Radio Dropping Rates to Get The Buy
It's the same old story, only the faces of salespeople have changed. Radio has an abundance of inventory and salespeople have goals to meet because the home office has debt to pay. If money is on the table and a savvy client knows radio will buckle in the negotiation, that client will wait it out, knowing another radio seller is coming in the door and that cycle will start all over again. In turn, some sellers would rather walk through the sales managers door, with an order, try to explain the lower rate, rather than leave money on the table.
That cycle translates into slow (or flat) revenue growth for the industry and unbearably long stopsets on radio stations across the country.
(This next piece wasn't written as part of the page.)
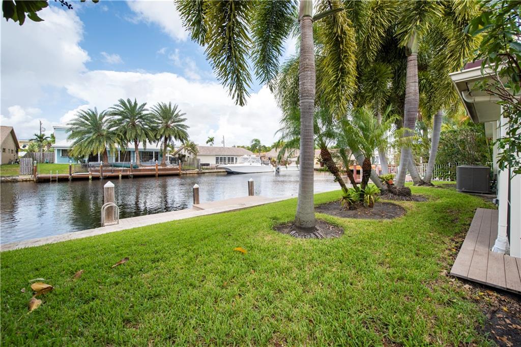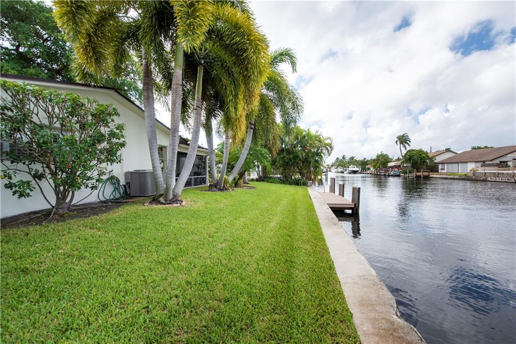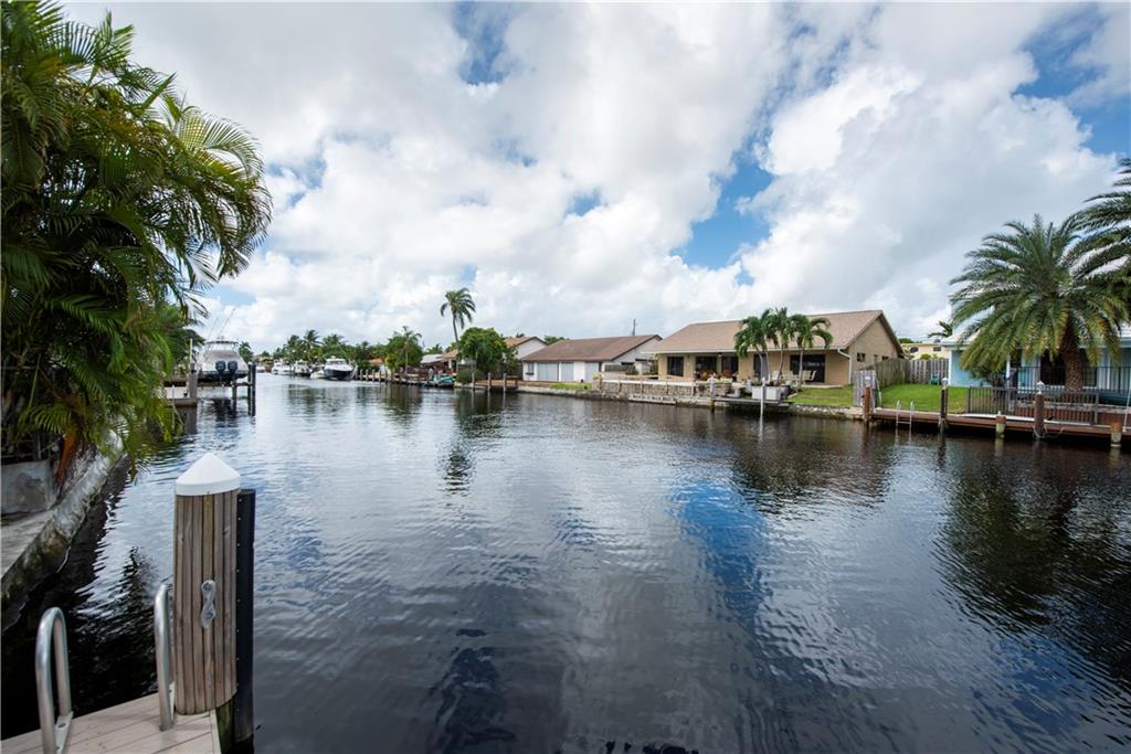 Extremely well kept 3 bed 2 bath home on Pompano Beach canal. Pride of ownership shows in this home! Freshly painted exterior with a lush front yard and tropical back yard featuring palms overlooking your own private 21' dock and canal. Single fixed bridge at Federal Highway allows for ocean-access boating. Inside you will find an expansive living and dining area leading out to a covered and screened Florida room. A renovated kitchen with granite counter tops and ceramic floors features a large breakfast area opening out to the screened Florida room and has views of the back yard and canal. Three nicely-sized bedrooms bedrooms feature new laminate flooring and you have your choice of two renovated bathrooms; including an en-suite with marble shower and granite-topped wood vanity.

Saga CEO Ed Christian says this is a big problem that the industry has to do something about. Yesterday his concern was aimed at national business. "Agencies are testing the bottom. They are spending where the spots are cheap and they will continue to do so when there is someone willing to provide the supply." Christian also said national radio business is down and his company is focusing, even more, on local ad revenue. He said in Milwaukee the national cost per point has dropped from $68 to $45 and in Des Moines it's gone from $45 to $22.
Christian also said there was an expectation that when PPM came along more money would flow to radio as a result. That was an over-promise that has not delivered, he said. Saga does not subscribe to Arbitron.
(3/13/2013 6:44:50 PM) |
I think Phil (below) nailed it in his reference to a lack of confidence in the product on the part of the industry.
While confession can be painful, there are hardly no self-aware radio executives who don't know we have, for almost 20 years, been in the business of systematically and with intention trashing our own product output - on-air and creative.
This conversation or any other about rates is mute until our product-issues are addressed.
|- Ronald T. Robinson|
(3/13/2013 3:36:10 PM) |
You lose rate intergity when you are always working on "this month's" budget, it's a vicious cycle. Pushing your sellers to close this month, on an annual, and offering spot incentives, or lower rates to do it, rather than holding firm, "because I have to hit my budget", is a sure way to get behind the curve. Sure, you hit your budget, but you lost money in the long run, and you took up a years inventory at a lower rate, thereby bringing down your entire AUR. Once one rep at your station is forced to drop trough, every rep at the station will do so accordingly. When companies stop talking about "this month" and start talking in quarters, radio rates will rise.
Radio is desperate right now, and it shows!
|- Chicago Willy's|
(3/13/2013 2:41:31 PM) |
Radio is slowly dying!
(3/13/2013 11:01:57 AM) |
Rate cutting, no rates or negotiable rates are not a problem for radio alone. The auto industry has been attempting to rid itself of the self-imposed problem for years. JC Penney's new boss will soon lose his job in his similar major revamp that isn't working. These industries, however, are different than radio in one major respect: they believe in their product, so there is hope.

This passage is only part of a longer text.